**Task goal**
Reproduce from the records below, with no pictures, exactly the lines between the one containing "製作過程:南瓜去皮切小塊,與" and the one containing "ミルクフェドのかわいい完売バックテープロゴポケットTシャツワンピです。", inclusive.

**Data provided**

──────────────────────────────

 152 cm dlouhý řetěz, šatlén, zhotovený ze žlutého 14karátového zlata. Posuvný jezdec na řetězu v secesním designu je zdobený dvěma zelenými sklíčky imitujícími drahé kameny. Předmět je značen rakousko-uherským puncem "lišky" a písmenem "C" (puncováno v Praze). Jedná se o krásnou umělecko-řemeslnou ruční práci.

──────────────────────────────

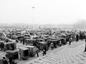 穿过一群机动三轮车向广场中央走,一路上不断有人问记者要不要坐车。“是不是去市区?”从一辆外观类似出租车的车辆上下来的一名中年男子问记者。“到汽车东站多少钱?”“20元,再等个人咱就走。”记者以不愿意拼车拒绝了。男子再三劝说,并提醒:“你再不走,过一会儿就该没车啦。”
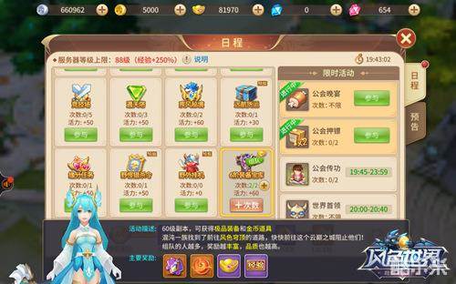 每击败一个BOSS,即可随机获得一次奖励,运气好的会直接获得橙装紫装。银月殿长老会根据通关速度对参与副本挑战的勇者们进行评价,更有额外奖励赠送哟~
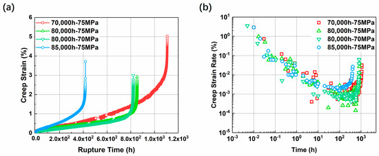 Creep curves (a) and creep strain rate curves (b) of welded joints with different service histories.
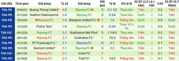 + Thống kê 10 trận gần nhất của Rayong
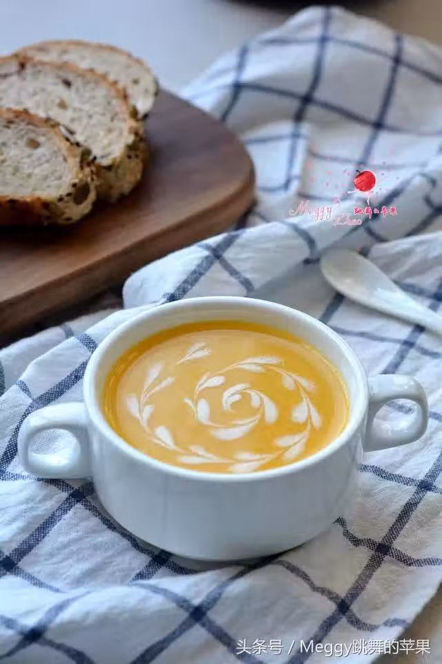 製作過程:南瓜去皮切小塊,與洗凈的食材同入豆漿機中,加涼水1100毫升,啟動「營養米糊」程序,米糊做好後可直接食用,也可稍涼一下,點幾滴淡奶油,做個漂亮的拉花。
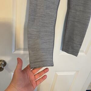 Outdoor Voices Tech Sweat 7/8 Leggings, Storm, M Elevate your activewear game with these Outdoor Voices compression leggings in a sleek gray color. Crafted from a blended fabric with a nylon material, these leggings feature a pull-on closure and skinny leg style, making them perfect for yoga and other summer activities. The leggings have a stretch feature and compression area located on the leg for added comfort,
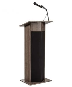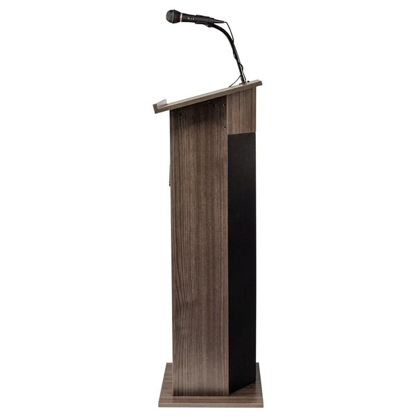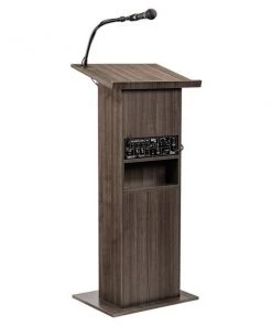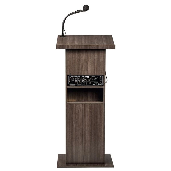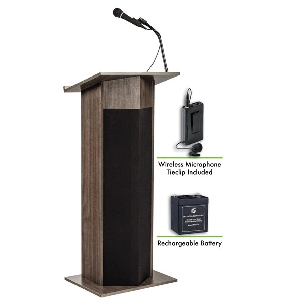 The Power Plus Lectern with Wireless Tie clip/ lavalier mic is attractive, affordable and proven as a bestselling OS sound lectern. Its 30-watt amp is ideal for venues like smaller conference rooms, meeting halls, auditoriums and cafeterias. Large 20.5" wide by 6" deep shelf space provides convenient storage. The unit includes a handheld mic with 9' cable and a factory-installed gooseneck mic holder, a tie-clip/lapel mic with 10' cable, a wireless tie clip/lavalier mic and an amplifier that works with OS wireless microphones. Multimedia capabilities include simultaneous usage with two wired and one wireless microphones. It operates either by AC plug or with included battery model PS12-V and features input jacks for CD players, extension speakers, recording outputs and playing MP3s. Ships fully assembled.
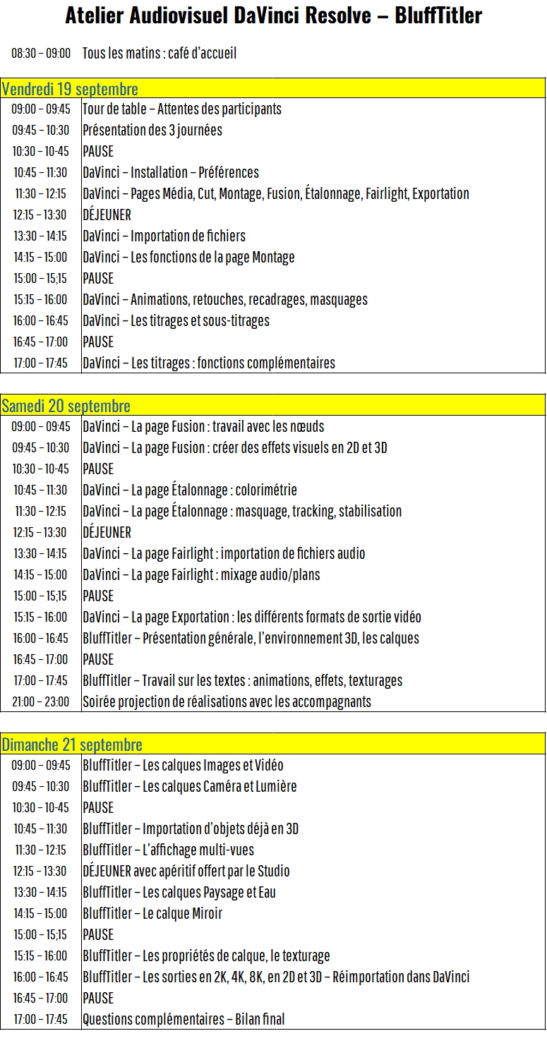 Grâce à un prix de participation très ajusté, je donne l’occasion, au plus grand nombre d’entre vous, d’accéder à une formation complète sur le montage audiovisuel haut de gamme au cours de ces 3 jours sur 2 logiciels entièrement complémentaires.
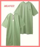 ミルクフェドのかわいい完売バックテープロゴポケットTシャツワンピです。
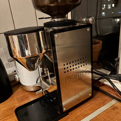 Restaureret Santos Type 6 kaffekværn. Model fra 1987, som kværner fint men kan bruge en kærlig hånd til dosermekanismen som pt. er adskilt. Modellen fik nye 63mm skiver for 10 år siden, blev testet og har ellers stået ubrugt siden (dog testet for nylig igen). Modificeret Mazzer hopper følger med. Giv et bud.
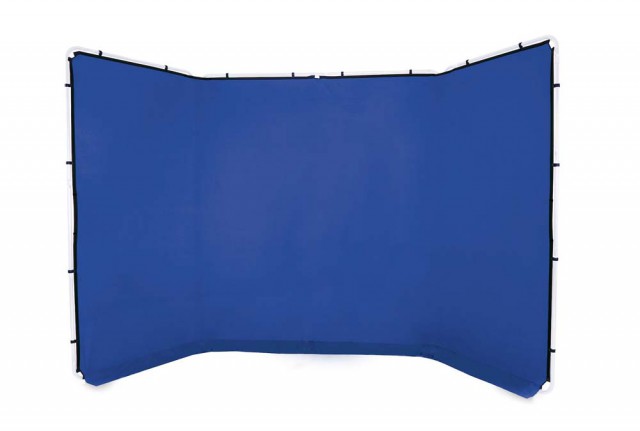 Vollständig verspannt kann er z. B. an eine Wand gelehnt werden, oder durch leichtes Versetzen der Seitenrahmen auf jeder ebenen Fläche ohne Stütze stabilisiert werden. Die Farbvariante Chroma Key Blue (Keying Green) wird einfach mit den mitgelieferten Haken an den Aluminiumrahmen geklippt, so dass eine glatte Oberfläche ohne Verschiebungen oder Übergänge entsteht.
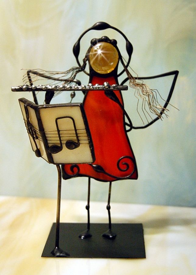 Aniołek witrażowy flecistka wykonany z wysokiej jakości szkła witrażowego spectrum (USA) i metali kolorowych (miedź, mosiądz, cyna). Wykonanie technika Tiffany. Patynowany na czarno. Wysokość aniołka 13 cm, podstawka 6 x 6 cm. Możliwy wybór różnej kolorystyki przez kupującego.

──────────────────────────────

**Response to this task**
 製作過程:南瓜去皮切小塊,與洗凈的食材同入豆漿機中,加涼水1100毫升,啟動「營養米糊」程序,米糊做好後可直接食用,也可稍涼一下,點幾滴淡奶油,做個漂亮的拉花。
 Outdoor Voices Tech Sweat 7/8 Leggings, Storm, M Elevate your activewear game with these Outdoor Voices compression leggings in a sleek gray color. Crafted from a blended fabric with a nylon material, these leggings feature a pull-on closure and skinny leg style, making them perfect for yoga and other summer activities. The leggings have a stretch feature and compression area located on the leg for added comfort,
 The Power Plus Lectern with Wireless Tie clip/ lavalier mic is attractive, affordable and proven as a bestselling OS sound lectern. Its 30-watt amp is ideal for venues like smaller conference rooms, meeting halls, auditoriums and cafeterias. Large 20.5" wide by 6" deep shelf space provides convenient storage. The unit includes a handheld mic with 9' cable and a factory-installed gooseneck mic holder, a tie-clip/lapel mic with 10' cable, a wireless tie clip/lavalier mic and an amplifier that works with OS wireless microphones. Multimedia capabilities include simultaneous usage with two wired and one wireless microphones. It operates either by AC plug or with included battery model PS12-V and features input jacks for CD players, extension speakers, recording outputs and playing MP3s. Ships fully assembled.
 Grâce à un prix de participation très ajusté, je donne l’occasion, au plus grand nombre d’entre vous, d’accéder à une formation complète sur le montage audiovisuel haut de gamme au cours de ces 3 jours sur 2 logiciels entièrement complémentaires.
 ミルクフェドのかわいい完売バックテープロゴポケットTシャツワンピです。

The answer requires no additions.